Out of control

Out of control

Public Art

Extraits du RIABE, règlement concernant l’intervention artistique sur les bâtiments de l’État :
Art. 1— Pour tous les bâtiments édifiés par l’État de Vaud, un montant proportionnel au coût de construction ou de rénovation proprement dit (le pour-cent culturel) doit être réservé pour une intervention artistique sur le bâtiment.
Art. 2— Une intervention artistique consiste dans l’intégration, à l’intérieur ou à l’extérieur de l’édifice, d’œuvres, de gestes ou de marquages artistiques qui entrent en interaction avec son architecture, sa fonction, ses utilisateurs et le public en général.
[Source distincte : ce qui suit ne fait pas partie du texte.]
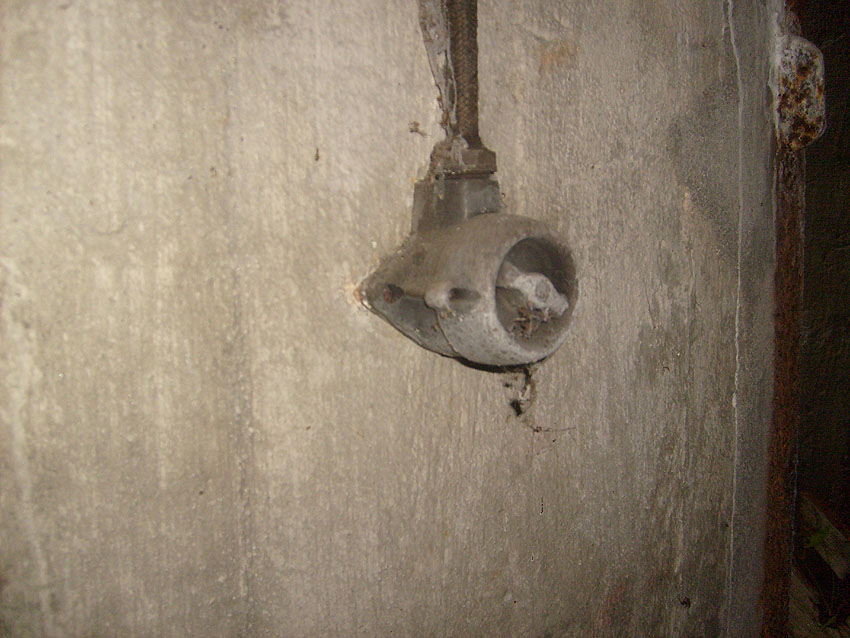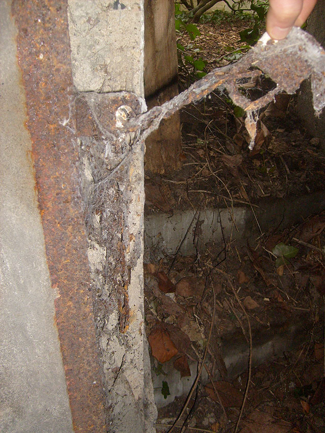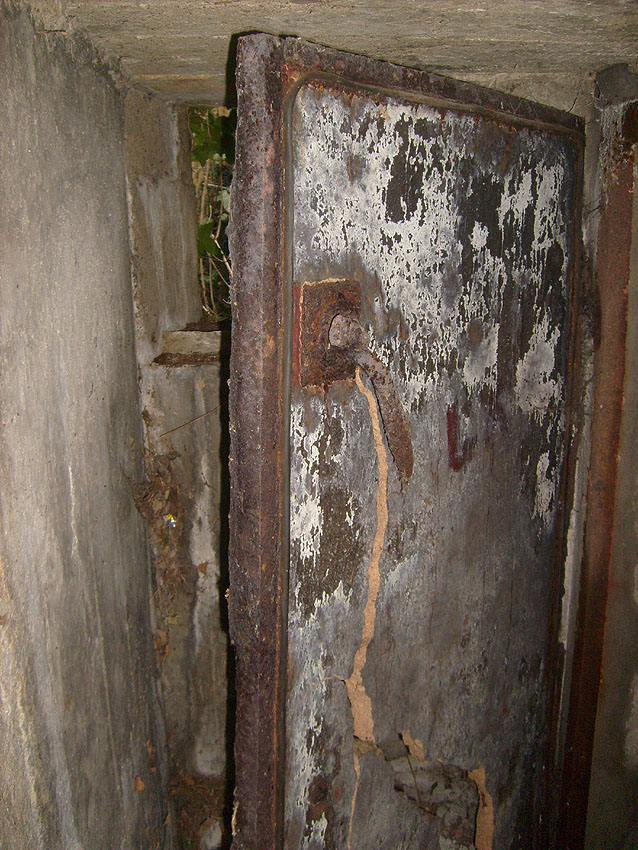Die Tür besteht (wie bei vielen weiteren Oldenburger Rundschutzbauten) aus dem gleichen beton-artigen Verbundmaterial (eine härtere Version ähnlicher Zusammensetzung wie die heutige Gipsverbundplatte), wie z.B. jene Türen in den Gasschleusen der Wilhelmshavener Kriegsmarine-Truppenbunker gefertigt wurden. Stahl war bereits Mangelware. - Dieses Material, das ursprünglich extrem belastungsfähig war, ist günstiger / leichter zu beschaffen bzw. herzustellen gewesen.
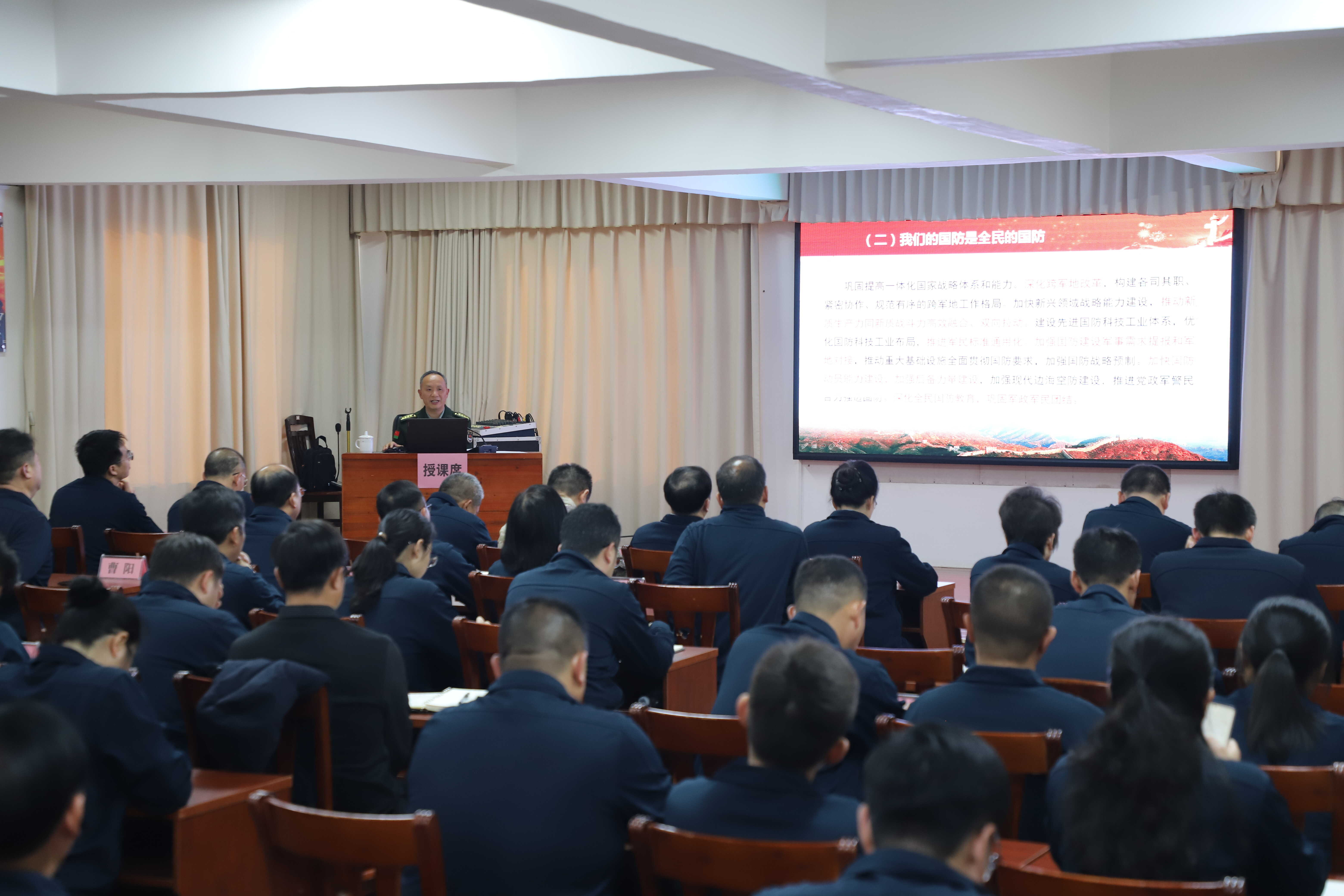 活动特邀特种作战学院教授作题为《把握国际安全形势 积极维护国家安全》的专题授课,深入剖析当前国际安全局势的复杂性与严峻性,并结合实例系统解读了我国维护国家安全的战略举措与能力支撑,帮助大家深刻认清形势,领悟新时代备战打仗的重大意义。

Depuis 1979, Out of control, de l’artiste Philippe Decrauzat, est la 102ème intervention artistique dans un bâtiment de l’État de Vaud.

 

Out of control Poursuivant ses recherches sur l’abstraction géométrique et le jeu d’influences réciproques entre les champs de l’art, du graphisme et de l’architecture, l’artiste propose une composition aléatoire de carrés de couleur qui investit, recto verso, la paroi de verre séparant la salle de théorie principale du couloir. Par le jeu des superpositions partielles – les adhésifs transparents étant placés de part et d’autre du vitrage – Out of control décline ses variations chromatiques qui, de surcroît, se modifient selon la position du spectateur.

 

Philippe Decrauzat «Que ce soit sous forme de peinture, de peinture murale, de dessin, de sculpture ou d’installation, la pratique de Decrauzat offre l’une des formes les plus convaincantes d’exploration du statut de l’abstraction dans la culture contemporaine. L’artiste s’intéresse aussi à la perception de l’image par le spectateur, en interrogeant son statut par des méthodes héritées de l’art conceptuel et du pop art […]. Sa démarche intègre les formes utopiques du constructivisme russe, les distorsions psychologiques de l’op art et les géométries épurées de l’art minimal […]. Toutefois, Decrauzat revendique pour son travail une distance critique par rapport à tout cela et un désir de ressusciter ce qu’il décrit comme la perméabilité de l’abstraction. Il défend en effet la position selon laquelle l’histoire de l’abstraction a constamment offert des preuves de connectivité entre les disciplines, en expliquant que ‹l’histoire de l’abstraction a constamment offert des preuves de connectivité entre les disciplines, en expliquant que ‹ l’histoire des formes qui [le] fascinent croise le chemin du graphisme, du film, de l’architecture, de la musique et même de la littérature›».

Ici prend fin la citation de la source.